• WHAT IS REQUIRED
Your task is to transcribe the lines from the start of the data below through the line containing "Cotton Calf Length", inclusive, exactly as they stand and without the pictures.

:::

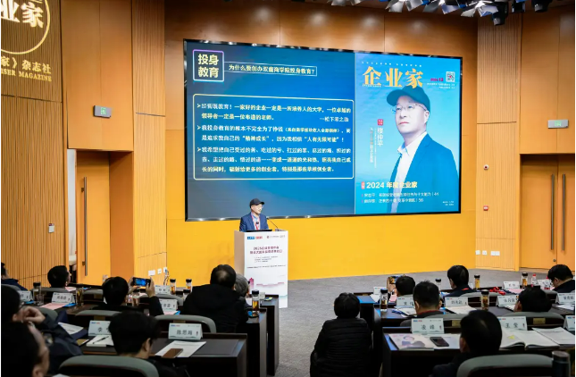 “2025企业管理年会暨国发院商学共创日”活动特邀楼仲平出席并在活动中受颁了“2024年度企业家”荣誉证书及奖杯;同时,他还作为企业家代表进行了从《“吸管大王”到“企业教练”》主题分享,讲述自己的创业历程与不断破界、转换身份的故事。
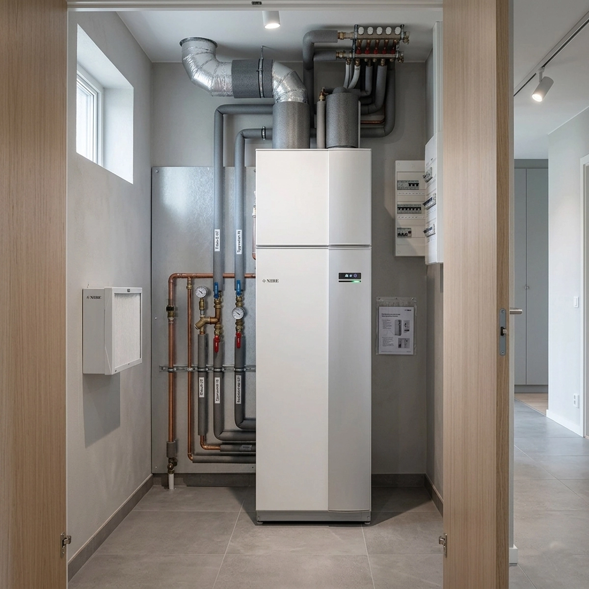 NIBE F730 is an intelligent exhaust air heat pump. Efficiently, simply and economically, the NIBE F730 meets the need for heating, ventilation, heat recovery and hot water. With a stylish, clean design and a compact format, the heat pump is easy to place and install both in new construction and replacement of an existing heat pump.
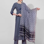 Cotton Calf Length Printed Semi-Flared 3/4 Sleeves Round Neck Kurta Bottom Dupatta Set
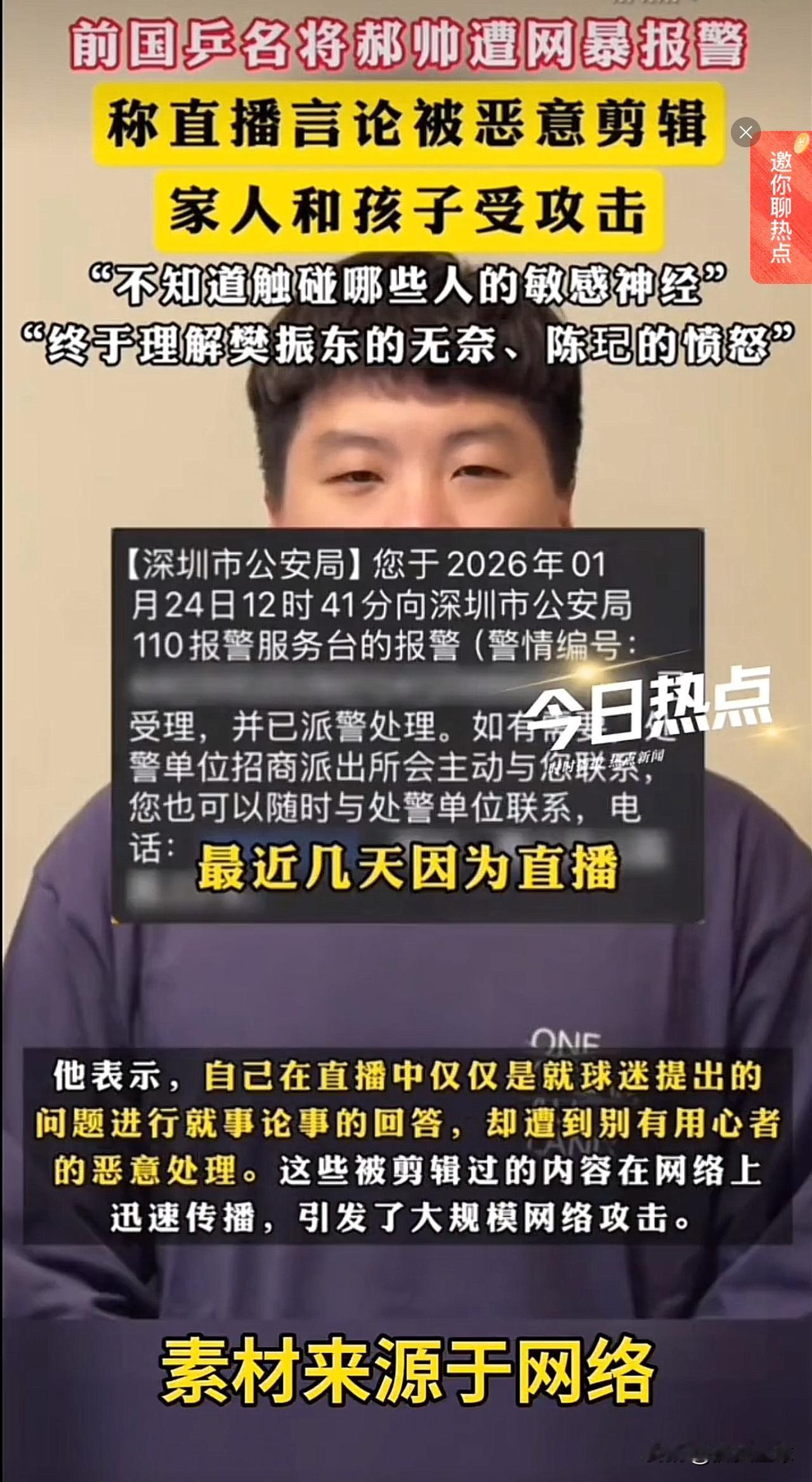国乒名将郝帅遭遇“网暴威胁”:果断报警! 近日退出国乒的名将郝帅,因为直播片段被人恶意剪辑,遭到网络暴力,郝帅第一时间果断报警。 郝帅是张继科同时代运动员,目前虽然退出国乒,但仍然还在打球。 现在的网络环境,确实鱼龙混杂,各种“恶意”层出不穷,稍不注意,就会被莫名背锅。 支持郝帅👍
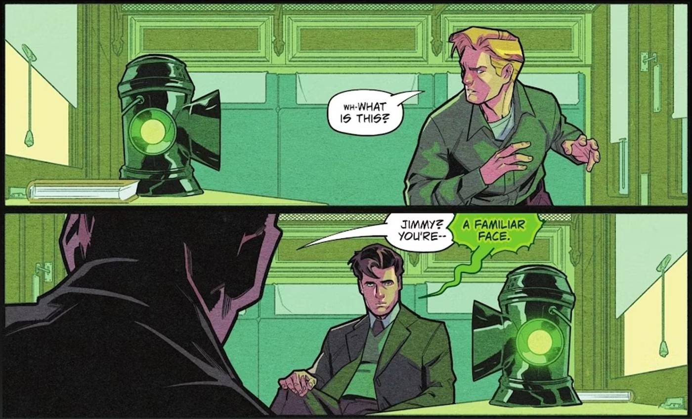 Alan Scott experimenta algo similar a través de la Llama Esmeralda, un espacio cósmico al que ingresa y que se manifiesta como un querido ex amigo. Este nuevo desarrollo es la última forma en que La historia del Linterna Verde se ha ampliado de una manera que afecta el pasado y el presente del manto..

:::

• SOLVED EXERCISE
 “2025企业管理年会暨国发院商学共创日”活动特邀楼仲平出席并在活动中受颁了“2024年度企业家”荣誉证书及奖杯;同时,他还作为企业家代表进行了从《“吸管大王”到“企业教练”》主题分享,讲述自己的创业历程与不断破界、转换身份的故事。
 NIBE F730 is an intelligent exhaust air heat pump. Efficiently, simply and economically, the NIBE F730 meets the need for heating, ventilation, heat recovery and hot water. With a stylish, clean design and a compact format, the heat pump is easy to place and install both in new construction and replacement of an existing heat pump.
 Cotton Calf Length Printed Semi-Flared 3/4 Sleeves Round Neck Kurta Bottom Dupatta Set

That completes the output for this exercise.